* _WORK TASK_
In the entries below, find the line with "Schnitzel Dinner Over 385 sold" and the line with "- Yogi Berra". Repeat exactly everything between them, those two lines included, but not the pictures.

* _INPUT MATERIAL_
________________________________________
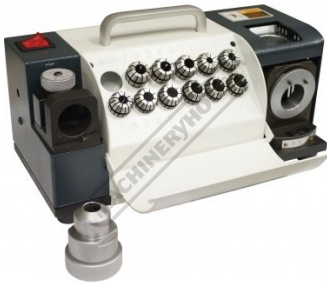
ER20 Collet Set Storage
________________________________________
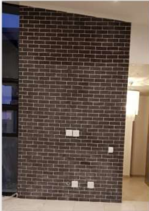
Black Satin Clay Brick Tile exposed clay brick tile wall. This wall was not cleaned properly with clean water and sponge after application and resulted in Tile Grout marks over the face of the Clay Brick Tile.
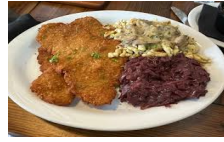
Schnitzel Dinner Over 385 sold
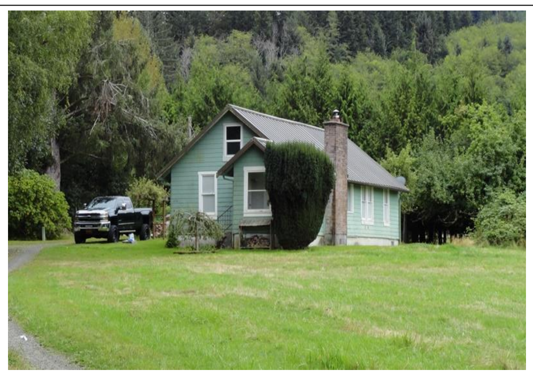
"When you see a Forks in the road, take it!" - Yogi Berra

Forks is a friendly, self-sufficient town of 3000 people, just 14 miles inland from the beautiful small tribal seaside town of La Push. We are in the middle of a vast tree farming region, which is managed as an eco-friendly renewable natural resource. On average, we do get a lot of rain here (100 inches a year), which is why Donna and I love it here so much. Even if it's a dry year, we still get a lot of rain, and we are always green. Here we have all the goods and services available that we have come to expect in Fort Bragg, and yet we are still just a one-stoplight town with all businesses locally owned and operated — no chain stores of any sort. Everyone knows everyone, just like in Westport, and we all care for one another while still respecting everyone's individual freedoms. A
________________________________________
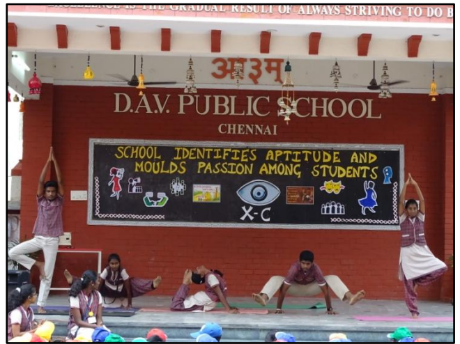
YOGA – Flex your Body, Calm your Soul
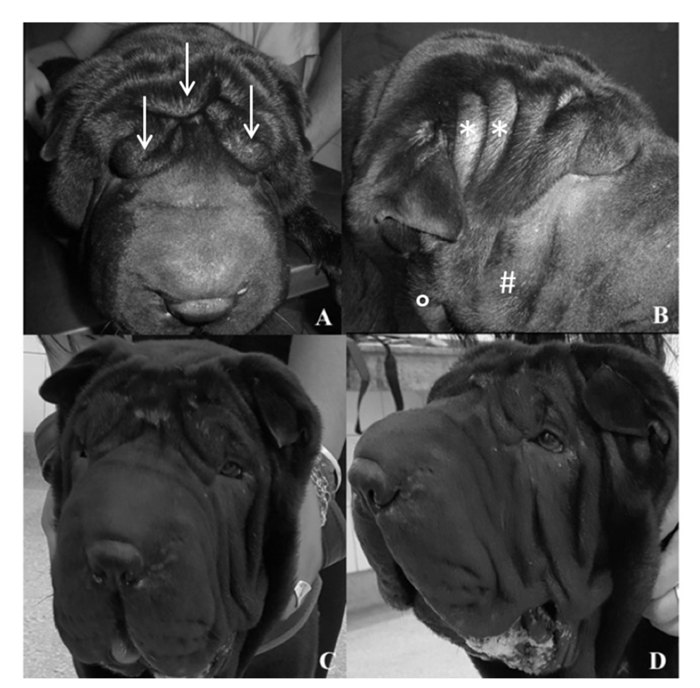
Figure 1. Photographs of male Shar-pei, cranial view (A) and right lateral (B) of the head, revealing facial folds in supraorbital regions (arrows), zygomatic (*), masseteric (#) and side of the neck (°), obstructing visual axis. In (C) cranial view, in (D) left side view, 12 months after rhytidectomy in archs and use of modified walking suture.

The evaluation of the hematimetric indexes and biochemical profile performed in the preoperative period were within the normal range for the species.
________________________________________
* _EXERCISE ANSWER_
Schnitzel Dinner Over 385 sold
"When you see a Forks in the road, take it!" - Yogi Berra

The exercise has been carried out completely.